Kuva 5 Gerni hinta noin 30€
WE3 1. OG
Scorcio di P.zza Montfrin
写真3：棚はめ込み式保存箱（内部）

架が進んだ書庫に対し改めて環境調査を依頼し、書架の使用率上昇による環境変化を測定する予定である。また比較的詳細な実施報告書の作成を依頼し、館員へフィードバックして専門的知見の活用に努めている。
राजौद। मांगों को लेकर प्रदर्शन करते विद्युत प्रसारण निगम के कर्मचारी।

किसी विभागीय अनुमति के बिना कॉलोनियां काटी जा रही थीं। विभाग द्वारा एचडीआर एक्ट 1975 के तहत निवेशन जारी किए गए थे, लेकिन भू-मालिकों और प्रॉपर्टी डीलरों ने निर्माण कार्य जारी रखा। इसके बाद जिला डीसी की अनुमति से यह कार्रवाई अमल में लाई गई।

__________________________________________________

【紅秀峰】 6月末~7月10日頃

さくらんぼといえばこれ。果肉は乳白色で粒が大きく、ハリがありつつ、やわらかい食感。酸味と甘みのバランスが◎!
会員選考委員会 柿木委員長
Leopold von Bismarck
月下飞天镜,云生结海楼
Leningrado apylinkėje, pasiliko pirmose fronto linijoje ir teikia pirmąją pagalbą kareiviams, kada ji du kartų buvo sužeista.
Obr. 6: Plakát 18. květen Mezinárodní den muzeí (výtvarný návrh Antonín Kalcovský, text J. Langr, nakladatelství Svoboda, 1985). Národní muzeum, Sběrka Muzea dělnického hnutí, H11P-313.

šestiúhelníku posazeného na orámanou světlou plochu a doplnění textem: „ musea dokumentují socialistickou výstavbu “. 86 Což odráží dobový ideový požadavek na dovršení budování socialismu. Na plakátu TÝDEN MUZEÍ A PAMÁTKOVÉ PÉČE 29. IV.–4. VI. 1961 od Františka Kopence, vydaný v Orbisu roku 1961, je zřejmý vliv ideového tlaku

__________________________________________________

- [Exercise details]: Of all the entries above, output exactly the lines between the one holding "Scorcio di P.zza Montfrin" and the one holding "किसी विभागीय अनुमति", inclusive.

- [Result of this task]:
Scorcio di P.zza Montfrin
写真3：棚はめ込み式保存箱（内部）

架が進んだ書庫に対し改めて環境調査を依頼し、書架の使用率上昇による環境変化を測定する予定である。また比較的詳細な実施報告書の作成を依頼し、館員へフィードバックして専門的知見の活用に努めている。
राजौद। मांगों को लेकर प्रदर्शन करते विद्युत प्रसारण निगम के कर्मचारी।

किसी विभागीय अनुमति के बिना कॉलोनियां काटी जा रही थीं। विभाग द्वारा एचडीआर एक्ट 1975 के तहत निवेशन जारी किए गए थे, लेकिन भू-मालिकों और प्रॉपर्टी डीलरों ने निर्माण कार्य जारी रखा। इसके बाद जिला डीसी की अनुमति से यह कार्रवाई अमल में लाई गई।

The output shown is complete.